_Goal of the exercise_:
The copy should begin at the line containing "Media type: IllustrationDescription: An" and end at the last line of the material. Please reproduce those lines exactly and keep pictures out.

_Task input_:

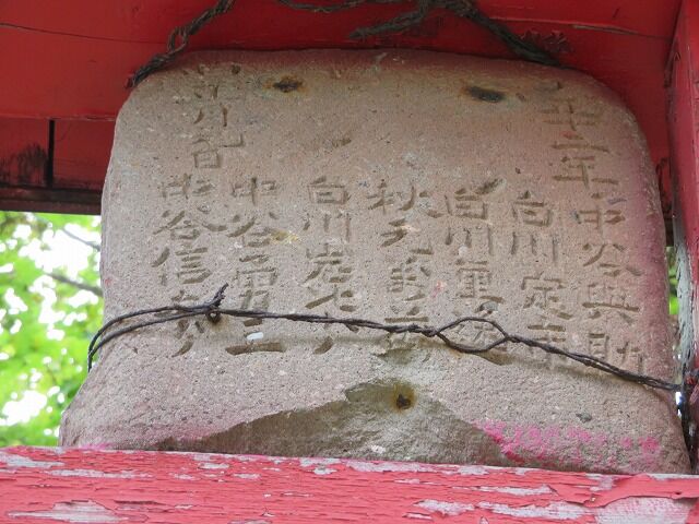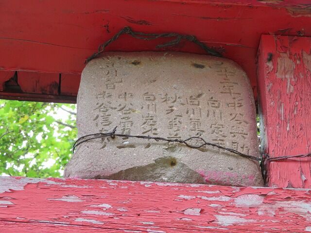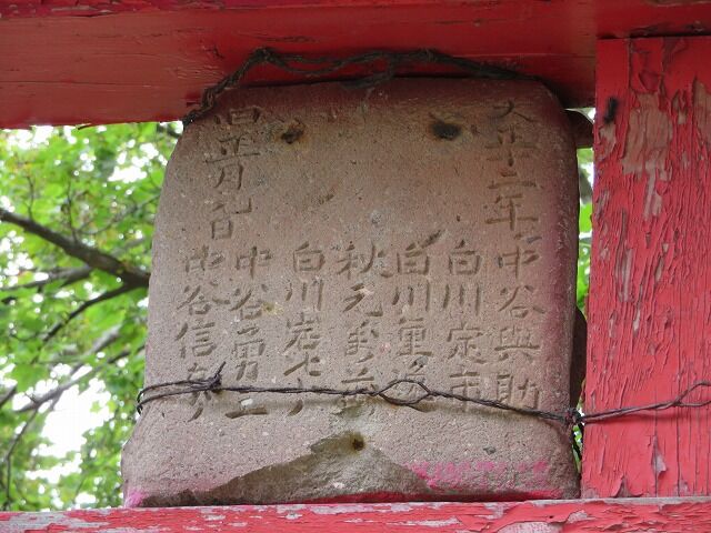 背中…『大正十二年旧正月元日 中谷與助 白川定市 白川重逸 秋元■■ 白川岩■■ 中谷勇三 中谷信■』
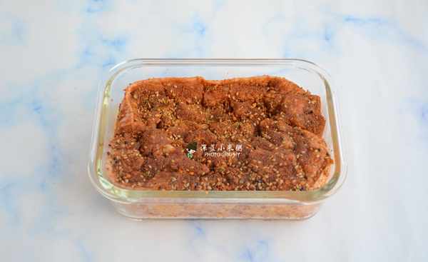 5.抓抹均匀的五花肉放入保鲜盒里面冷藏腌制4个小时或者冷藏过夜;
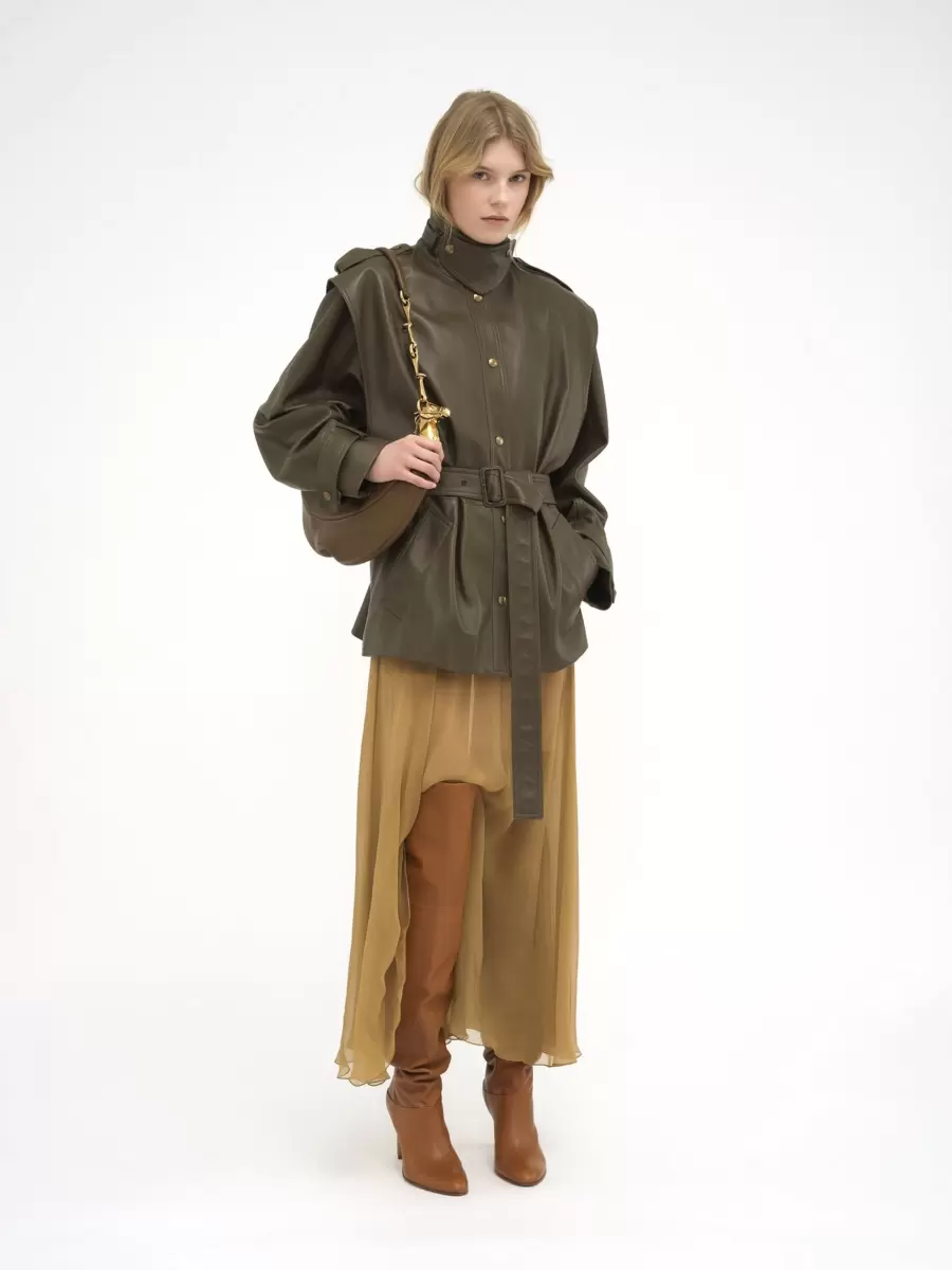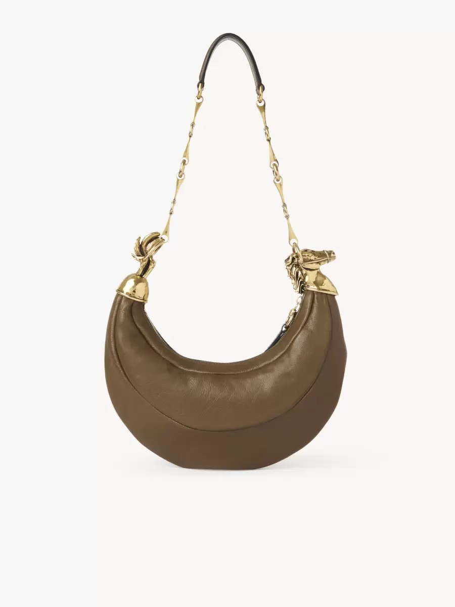 Parlak damarlı dana derisinden üretilen Chain Horse omuz çantası, yumuşak bir eyer silüetine sahiptir. Binicilik dünyasından ilham alan çanta, altın tonlarında bir at ve bir at gem zinciriyle süslenmiştir.
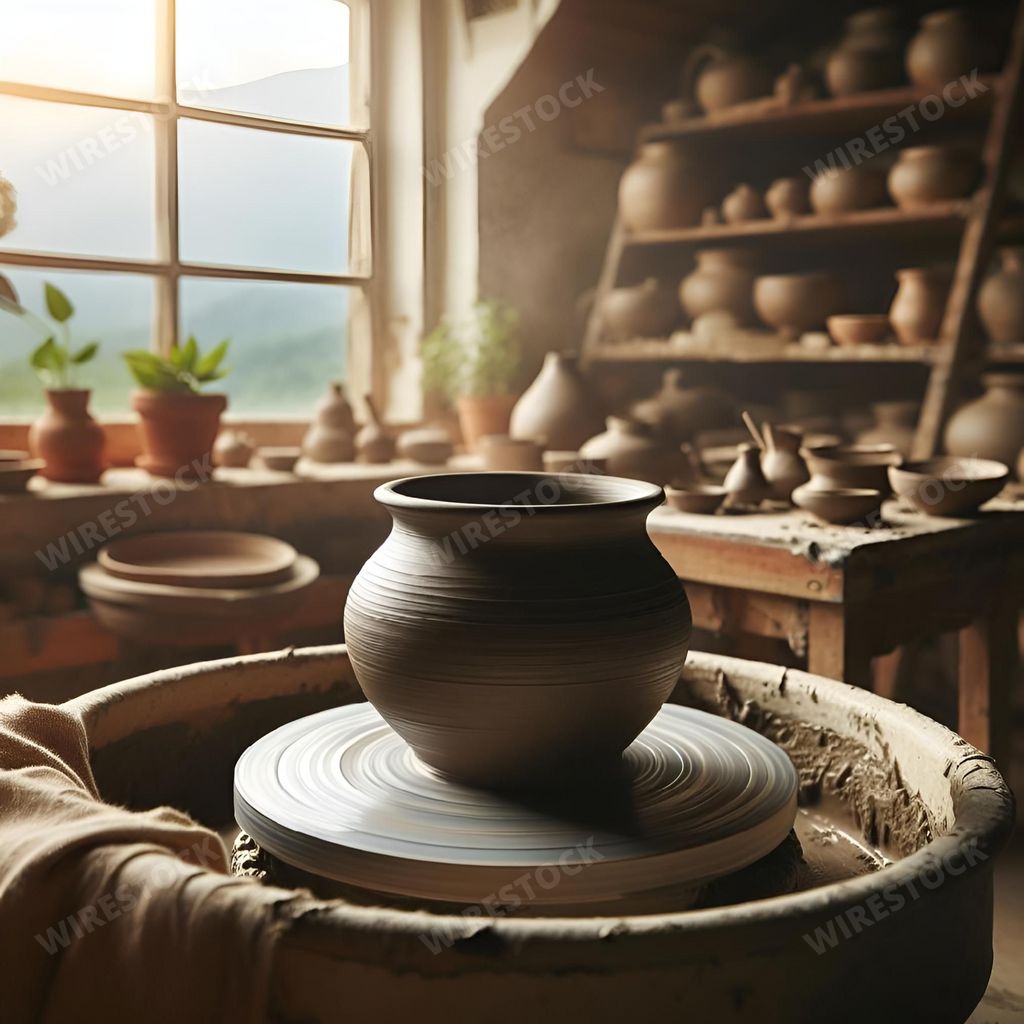 Media type: IllustrationDescription: An AI generated illustration of a close-up of a ceramic pot in a modern workspace
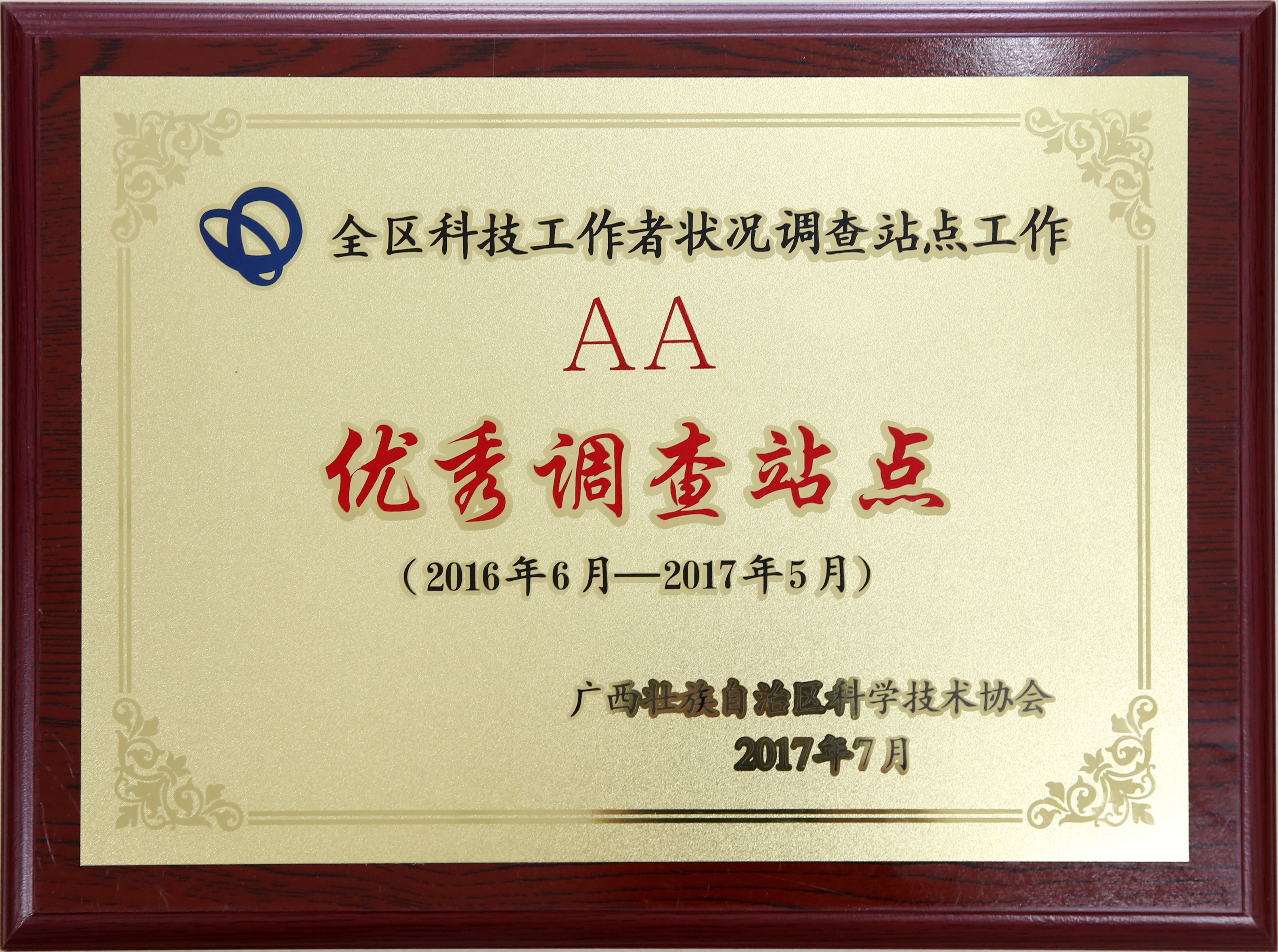 2016年-2017年評為全區(qū)科技工作者狀況優(yōu)秀調(diào)查站點

_Solution for this task_:
 Media type: IllustrationDescription: An AI generated illustration of a close-up of a ceramic pot in a modern workspace
 2016年-2017年評為全區(qū)科技工作者狀況優(yōu)秀調(diào)查站點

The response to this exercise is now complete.